A thermostatic mixing valve requires a sufficient difference between hot and cold supply lines to operate accurately. So if you are considering installing one of these valves in areas of the country where the cold water is above 60°, you may find that the mixing valve will not work without the installation of a water chiller. Check this with both your water department (they can tell you the highest temperature to expect) and the manufacturer of the valve and chilling unit This unit is from California Stainless.
It’s been said that all Edward Weston had in his darkroom were a light-bulb, a printing frame, and three wooden developing trays. This indicates either the importance of trays or the lack of importance of everything else.
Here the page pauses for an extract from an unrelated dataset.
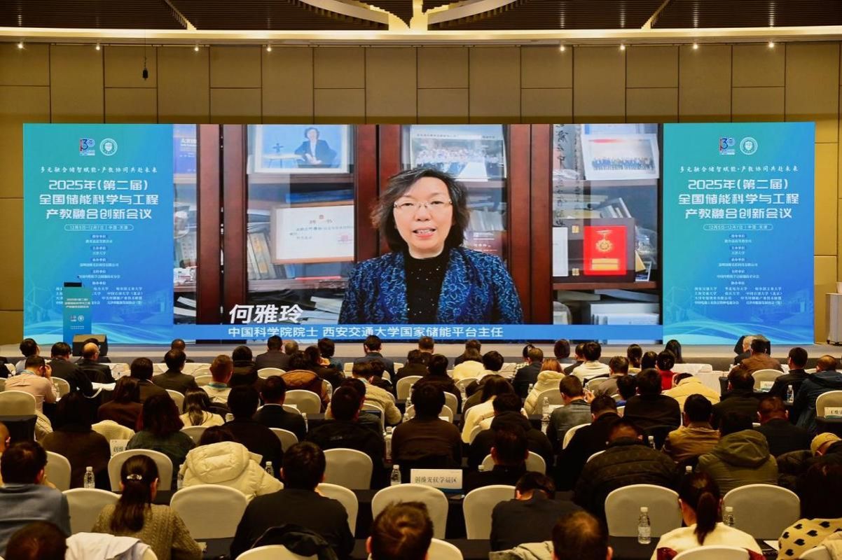 作为大会主席之一,西安交通大学国家储能平台主任何雅玲院士通过视频方式致辞。她提及大会是在教育部高等教育司指导下创办,旨在推动储能领域产教深度融合,建立校企协同创新常态化交流机制,拟定每年召开一次。何雅玲院士回顾,首届大会于2024年在西安交通大学成功举办,300余名产业界和教育界专家学者齐聚,共探储能领域人才培养、科学研究、成果转化及产业发展。她指出,本次第二届大会以“多元融合储智赋能,产教协同共赴未来”为主题,凝聚政、产、学、研、用、金多方力量,是储能领域深化产教融合、科教融汇的重要举措。她对天津大学及各协办单位为会议的付出表示认可,坚信在全体同仁努力下,大会将在新型储能技术、人才培养、产业发展等多维度碰撞出思想火花、取得丰硕成果。

The primary function of trays is to hold chemicals, but variations in design, materials, and purpose do affect, slightly, the usefulness of the various models.
The trays should be deep enough to prevent unwanted overflow when agitating the tray full of chemicals. And they should be large enough to handle a print easily, either by hand or by tongs, without trapping the print between sides that are too close together. Ribs on the bottom reinforce the tray and also make picking up prints easier.
Inexpensive trays can be too small to hold the sized prints for which they are marked. Rather than buy a more expensive tray, however, you can buy the larger size of the less expensive one and save some money.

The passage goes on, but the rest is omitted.